- WHAT TO WORK ON: Reproduce word for word the lines between the one containing "第十五届全国运动会海南代表团成立大会暨出征仪式现场。(记者陈望 摄)" and the end of the entries below, both inclusive; leave out pictures.

- EXTRACTED INFORMATION:
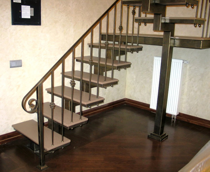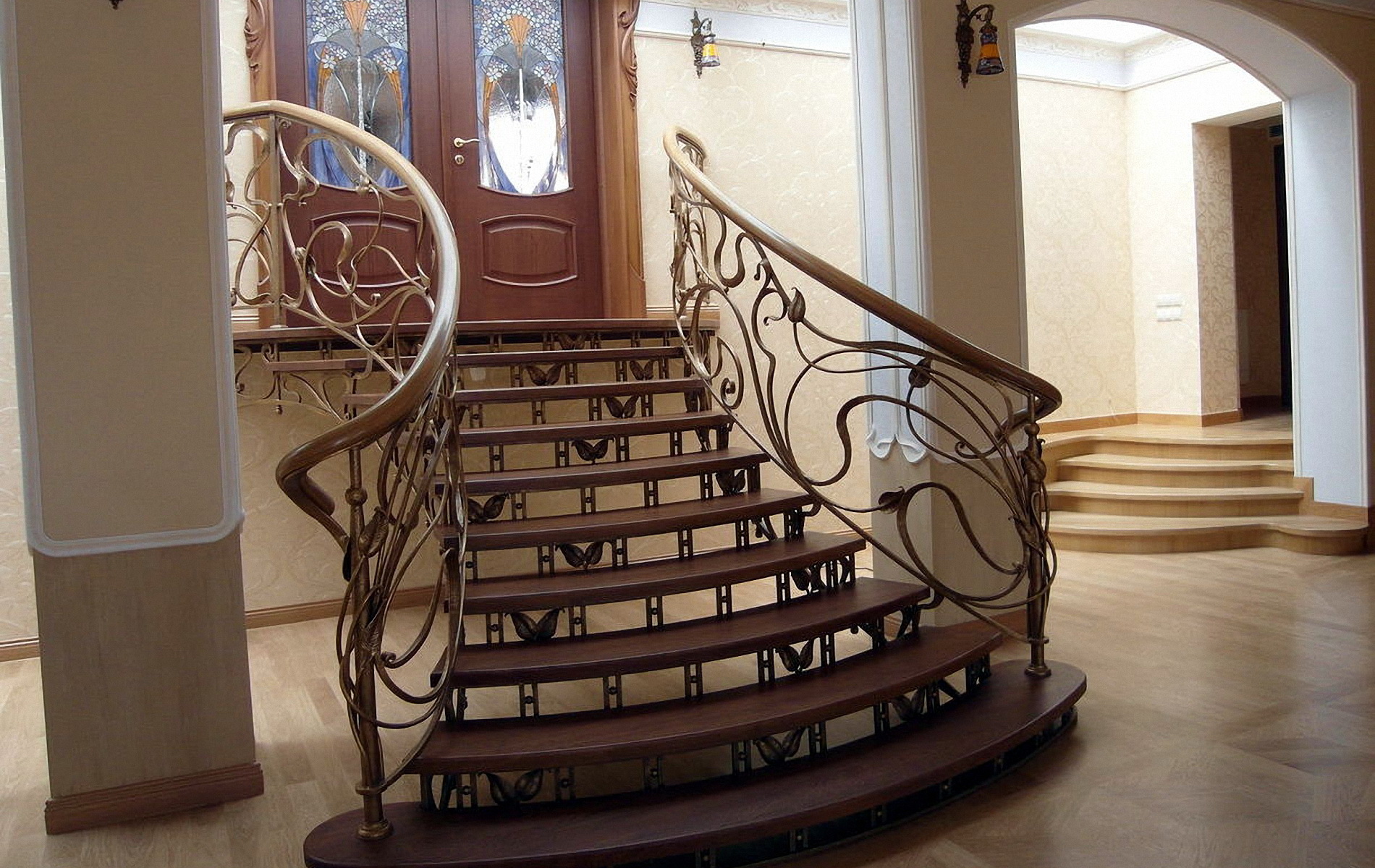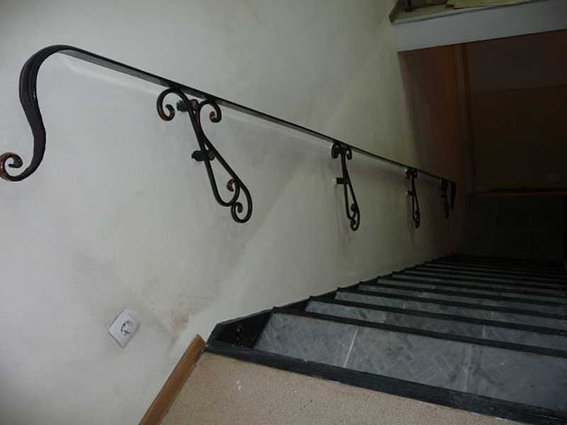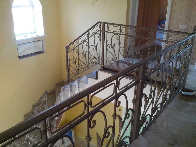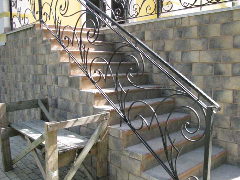 Дизайнерское решение не повлияет на геометрию, и из-под рук мастера появится винтовая или маршевая лестница, установленная на бетон, мрамор, известняк, дерево – любой материал отлично будет сочетаться с ковкой. Поручни лестниц оставляют металлическими или декорируют камнем или деревом.
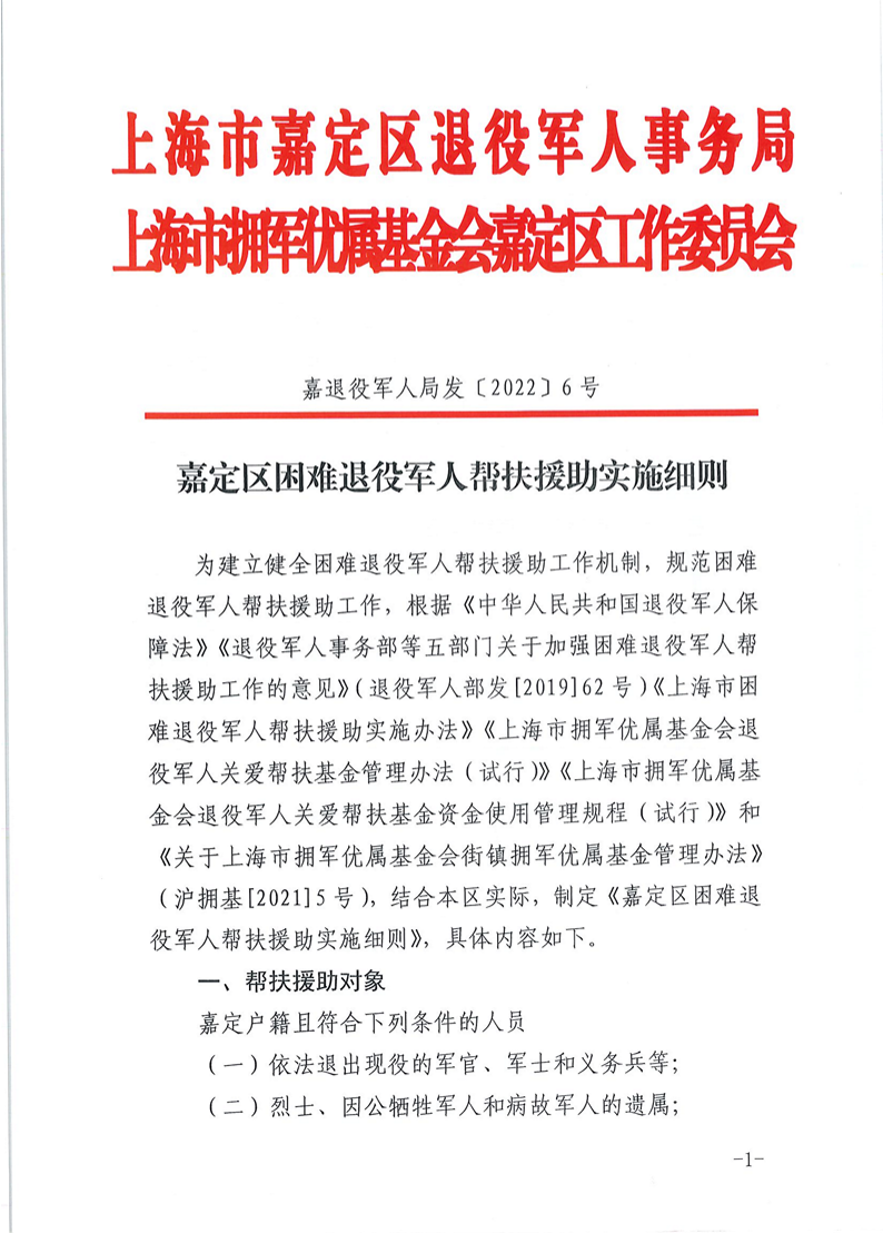 索引号: 00001434-9/2022-00000040 发布机构: 区退役军人局 生效日期: 2022年09月06日 文 号: 嘉退役军人局发【2022】6号 关键词: 主题分类: 政府文件 上海市嘉定区退役军人事务局 嘉退役军人局发【2022】6号 嘉定区困难退役军人帮扶援助实施细则 发布时间:2022-09-10 浏览次数: 次 【字体:小 大】
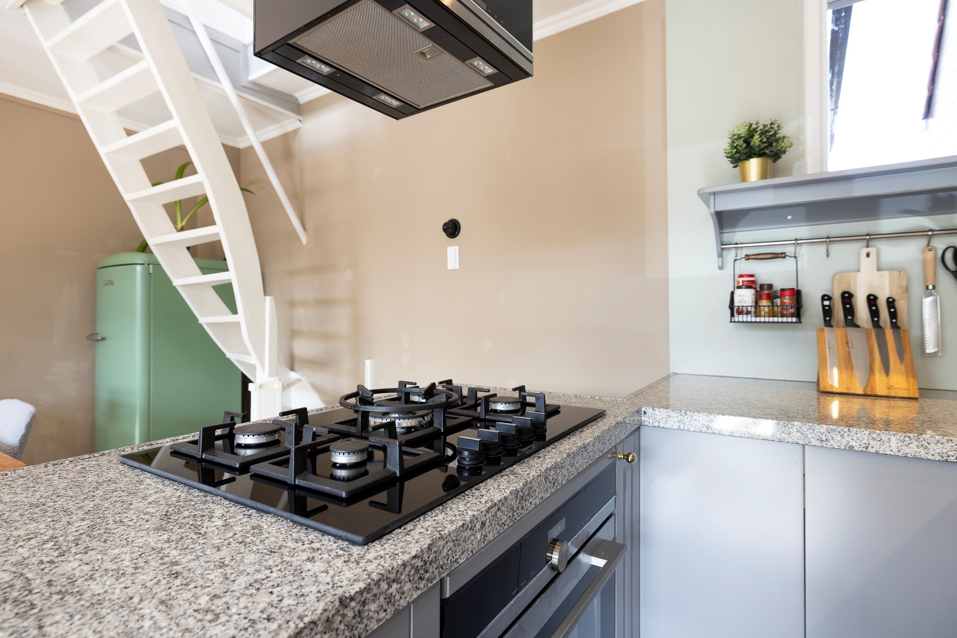 Op de eerste etage vind je de woonkamer met zicht over de gracht en er is een open keuken. De keuken is voorzien van hoogwaardige Siemens apparatuur, een Quooker en een kookeiland. Vanuit de keuken hebt je uitzicht op de Sint Bavo toren.
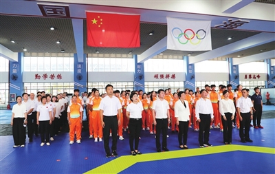 第十五届全国运动会海南代表团成立大会暨出征仪式现场。(记者陈望 摄)
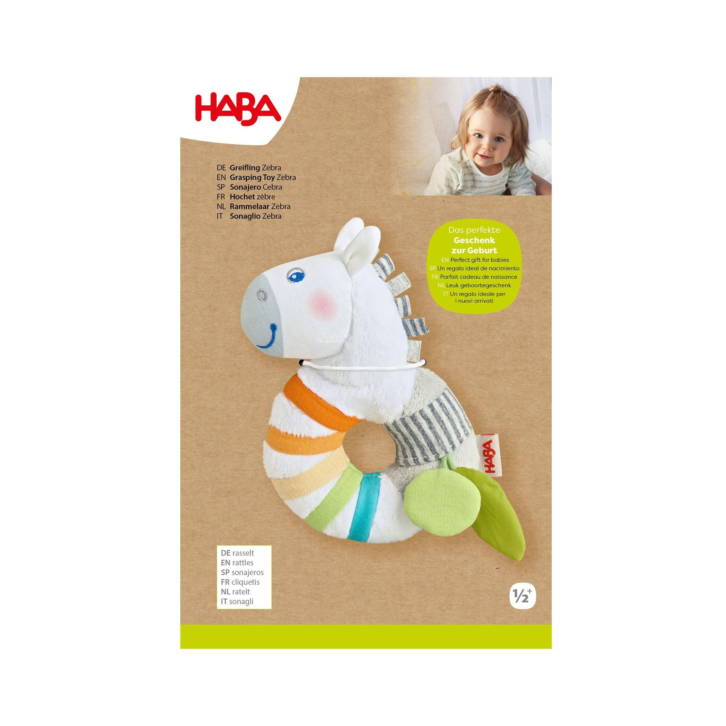 Kuschlig weich und ein Babys erster Freund: Das ist der HABA Greifling Zebra! Er begleitet Babys auf die alltäglichen Entdeckertouren und hält dabei selbst eine kleine Überraschung bereit: Wird er geschüttelt, erklingt dank Rassel ein lustiges Geräusch. Wow! Gleich nochmal!
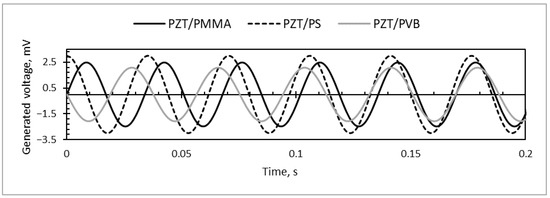 When the direct piezoelectric effect for further investigations of the designed microresonators was applied, the results showed that periodically-excited specimens were able to generate electrical potential due to the piezoelectric effect of the PZT material (Figure 17). The highest value of the harvested electrical energy was registered in the PS/PZT microresonator (up to 3 mV of generated voltage). The lowest result was 2.1 mV, indicated for PVB/PZT, and PMMA/PZT generated up to a 2.5-mV voltage.

- SOLUTION:
 第十五届全国运动会海南代表团成立大会暨出征仪式现场。(记者陈望 摄)
 Kuschlig weich und ein Babys erster Freund: Das ist der HABA Greifling Zebra! Er begleitet Babys auf die alltäglichen Entdeckertouren und hält dabei selbst eine kleine Überraschung bereit: Wird er geschüttelt, erklingt dank Rassel ein lustiges Geräusch. Wow! Gleich nochmal!
 When the direct piezoelectric effect for further investigations of the designed microresonators was applied, the results showed that periodically-excited specimens were able to generate electrical potential due to the piezoelectric effect of the PZT material (Figure 17). The highest value of the harvested electrical energy was registered in the PS/PZT microresonator (up to 3 mV of generated voltage). The lowest result was 2.1 mV, indicated for PVB/PZT, and PMMA/PZT generated up to a 2.5-mV voltage.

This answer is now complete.